Dataset records:
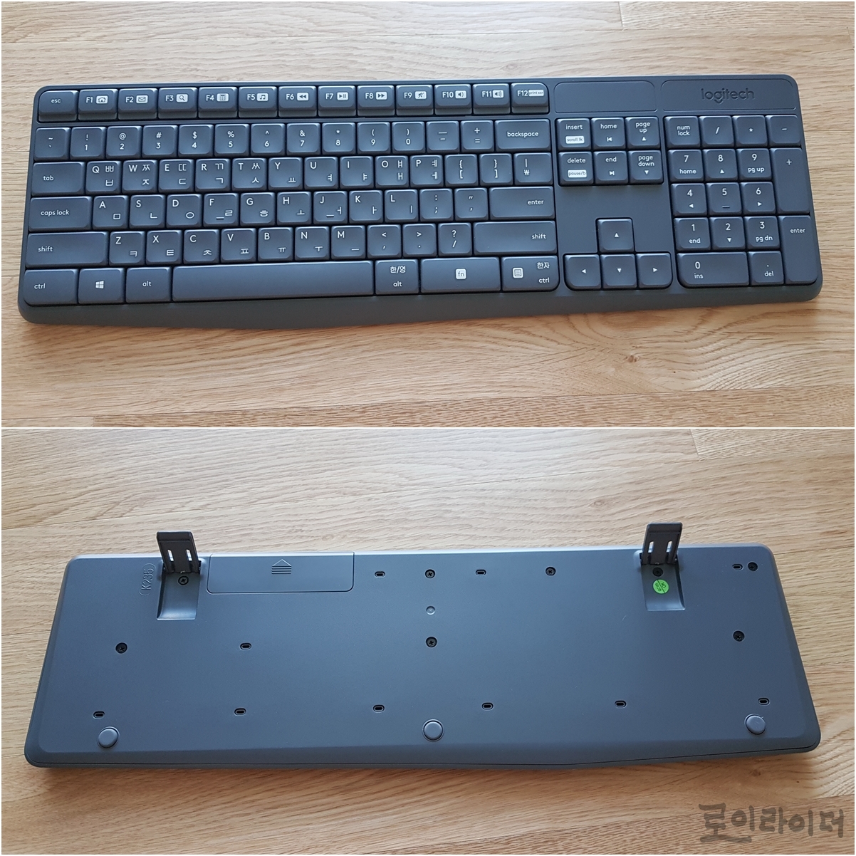 다음으로 무선 키보드입니다. 전면부를 보면 기존 로지텍 제품들과 다른점이 바로 '펑션키' 입니다. MK270을 비롯한 다른 제품들은 상단에 '기능키' 가 "별도"로 있어서 누르면 바로 작동되는데, MK235는 F1~F12 키에 '펑션키' 로 합쳐놔서 사용성이 떨어집니다. 예를들면, F4의 펑션키는 '계산기' 입니다. 업무중 바로 계산기를 사용하려면 MK270은 계산기 '기능키' 만 누르면 되지만, MK235는 오른쪽 하단의 'fn' + 'F4' 키를 동시에 눌러야 합니다. 반복적으로 사용하다보면 편의성 뿐만 아니라 타이핑 속도도 떨어집니다. 이제보니 2014년 출시의 MK270 보다 MK235 가 더 저렴한 이유가 펑션키로 통합하면서 기능키 갯수, 회로 축소로 인한 원가절감인 것 같네요. 기능키 사용빈도가 적고, 가격에 만족하시는 분들은 상관없겠지만 사용하다보니 저는 좀 불편하네요.
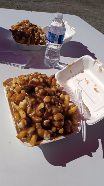 We went to a few stores, and purchased some artistic keepsakes at one store. I ended up buying her a stained glass light catcher. I also wanted to get her a new sweater. She ended up choosing a ROOTS Canada navy blue zip up sweater, which is super comfy. And also iconically Canadian! Part of me thinks that she secretly wants to move up to the area and live there. We then stopped at a park for our son's sake and then headed back out towards my mom's place again. I saw a 'chip wagon' and needed to stop to get authentic Poutine! Probably the third 'poutine' I had had the entire trip, but, meh... These servings were huge tho! I am still working on leftovers from it.
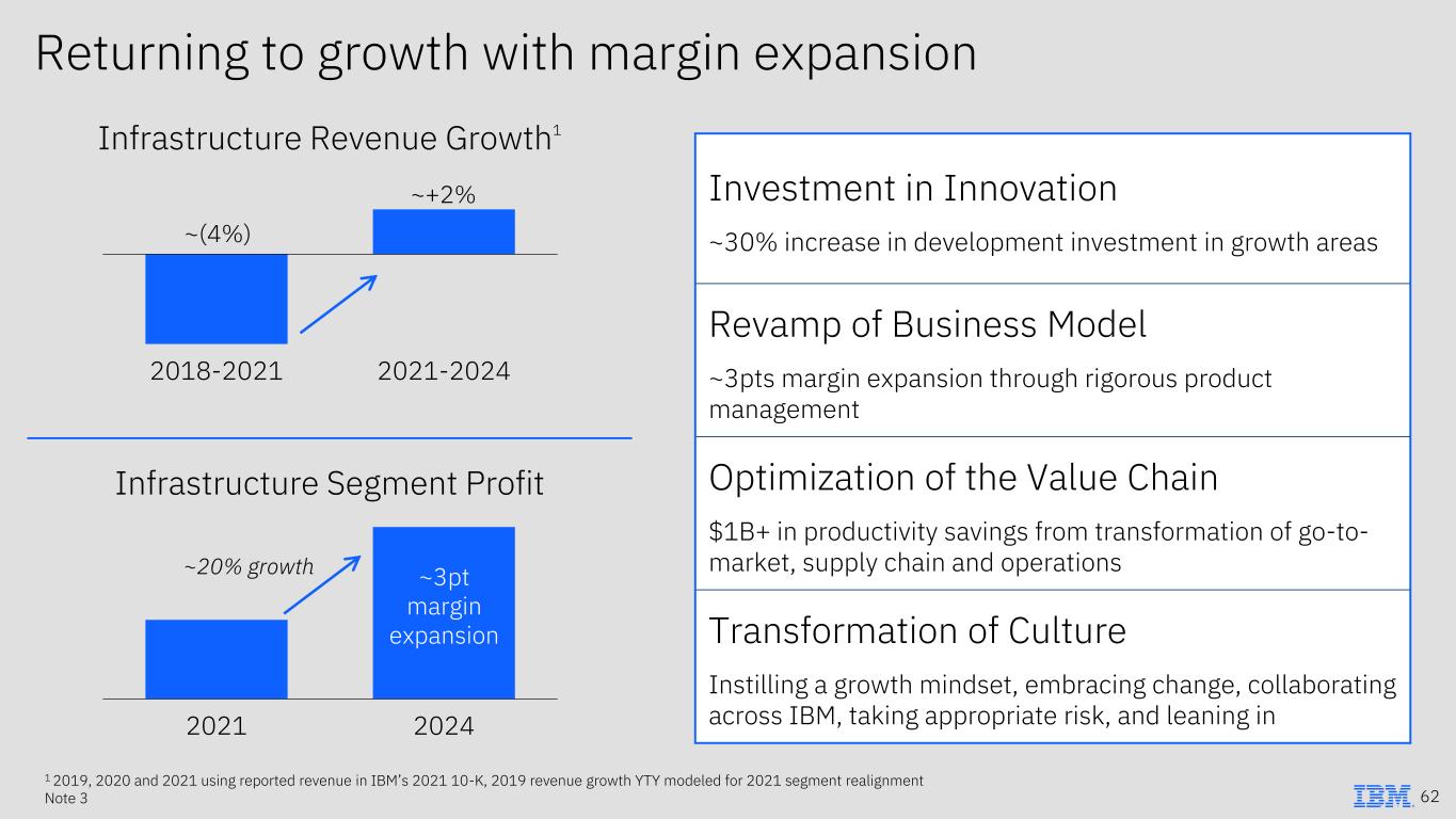 Investment in Innovation ~30% increase in development investment in growth areas Revamp of Business Model ~3pts margin expansion through rigorous product management Optimization of the Value Chain $1B+ in productivity savings from transformation of go-to- market, supply chain and operations Transformation of Culture Instilling a growth mindset, embracing change, collaborating across IBM, taking appropriate risk, and leaning in 2018-2021 2021-2024 ~(4%) ~+2% 2021 2024 ~20% growth ~3pt margin expansion 1 2019, 2020 and 2021 using reported revenue in IBM’s 2021 10-K, 2019 revenue growth YTY modeled for 2021 segment realignment Note 3 Returning to growth with margin expansion Infrastructure Revenue Growth1 Infrastructure Segment Profit 62
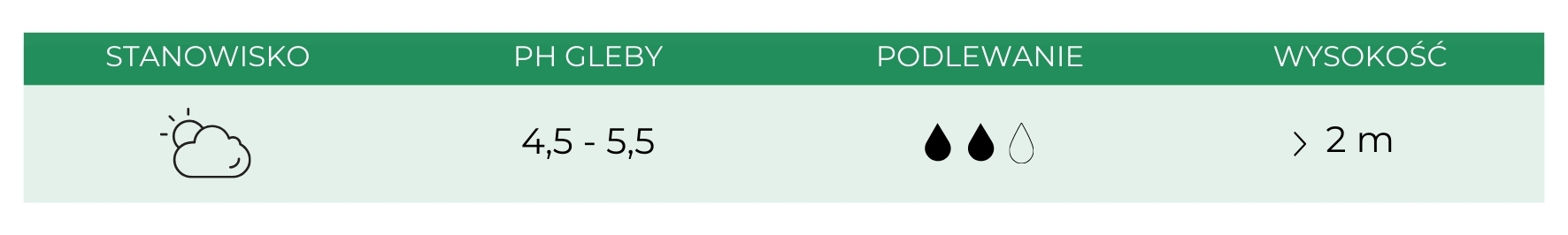 - Wymaga umiarkowanej wilgotności bez przesuszeń i zastojów wody
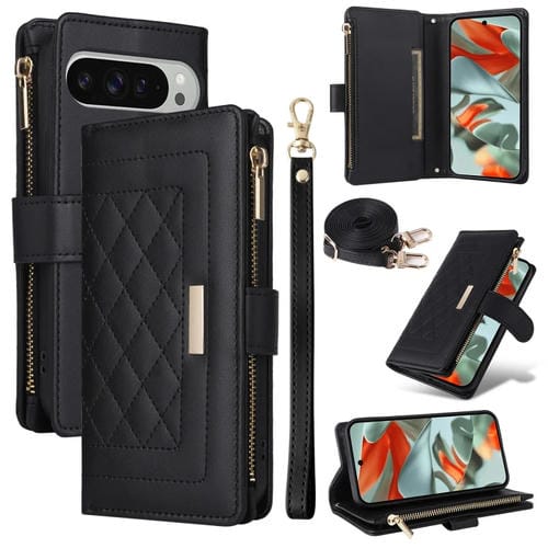 Funda de Cuero con Diseño de Rombos y Billetera Cruzada con Cremallera para Google Pixel 9 Pro XL (Negra)
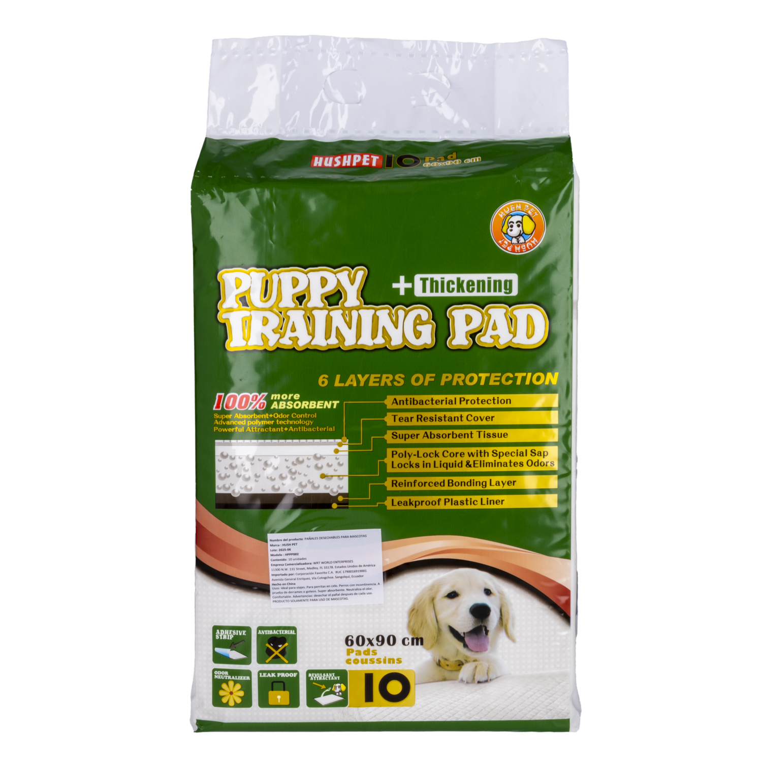 Pañal Para Mascota Para Piso HUSHPET X 10 Uds – HUSHPET. Disponible en nuestros locales. Precio y stock pueden variar según la tienda.
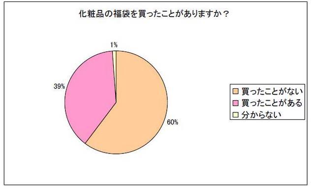 どんな福袋を買いたいかという質問には、1位「洋服」43パーセント、2位「化粧品」24パーセントという結果になった。化粧品の福袋を買ったことがあるかとの質問には、「買ったことがない」が60パーセントで、「買ったことがある」の39パーセントを上回る結果になった。

Problem description: From the first line to the last, return the records exactly and leave the pictures behind.

Finished exercise:
 다음으로 무선 키보드입니다. 전면부를 보면 기존 로지텍 제품들과 다른점이 바로 '펑션키' 입니다. MK270을 비롯한 다른 제품들은 상단에 '기능키' 가 "별도"로 있어서 누르면 바로 작동되는데, MK235는 F1~F12 키에 '펑션키' 로 합쳐놔서 사용성이 떨어집니다. 예를들면, F4의 펑션키는 '계산기' 입니다. 업무중 바로 계산기를 사용하려면 MK270은 계산기 '기능키' 만 누르면 되지만, MK235는 오른쪽 하단의 'fn' + 'F4' 키를 동시에 눌러야 합니다. 반복적으로 사용하다보면 편의성 뿐만 아니라 타이핑 속도도 떨어집니다. 이제보니 2014년 출시의 MK270 보다 MK235 가 더 저렴한 이유가 펑션키로 통합하면서 기능키 갯수, 회로 축소로 인한 원가절감인 것 같네요. 기능키 사용빈도가 적고, 가격에 만족하시는 분들은 상관없겠지만 사용하다보니 저는 좀 불편하네요.
 We went to a few stores, and purchased some artistic keepsakes at one store. I ended up buying her a stained glass light catcher. I also wanted to get her a new sweater. She ended up choosing a ROOTS Canada navy blue zip up sweater, which is super comfy. And also iconically Canadian! Part of me thinks that she secretly wants to move up to the area and live there. We then stopped at a park for our son's sake and then headed back out towards my mom's place again. I saw a 'chip wagon' and needed to stop to get authentic Poutine! Probably the third 'poutine' I had had the entire trip, but, meh... These servings were huge tho! I am still working on leftovers from it.
 Investment in Innovation ~30% increase in development investment in growth areas Revamp of Business Model ~3pts margin expansion through rigorous product management Optimization of the Value Chain $1B+ in productivity savings from transformation of go-to- market, supply chain and operations Transformation of Culture Instilling a growth mindset, embracing change, collaborating across IBM, taking appropriate risk, and leaning in 2018-2021 2021-2024 ~(4%) ~+2% 2021 2024 ~20% growth ~3pt margin expansion 1 2019, 2020 and 2021 using reported revenue in IBM’s 2021 10-K, 2019 revenue growth YTY modeled for 2021 segment realignment Note 3 Returning to growth with margin expansion Infrastructure Revenue Growth1 Infrastructure Segment Profit 62
 - Wymaga umiarkowanej wilgotności bez przesuszeń i zastojów wody
 Funda de Cuero con Diseño de Rombos y Billetera Cruzada con Cremallera para Google Pixel 9 Pro XL (Negra)
 Pañal Para Mascota Para Piso HUSHPET X 10 Uds – HUSHPET. Disponible en nuestros locales. Precio y stock pueden variar según la tienda.
 どんな福袋を買いたいかという質問には、1位「洋服」43パーセント、2位「化粧品」24パーセントという結果になった。化粧品の福袋を買ったことがあるかとの質問には、「買ったことがない」が60パーセントで、「買ったことがある」の39パーセントを上回る結果になった。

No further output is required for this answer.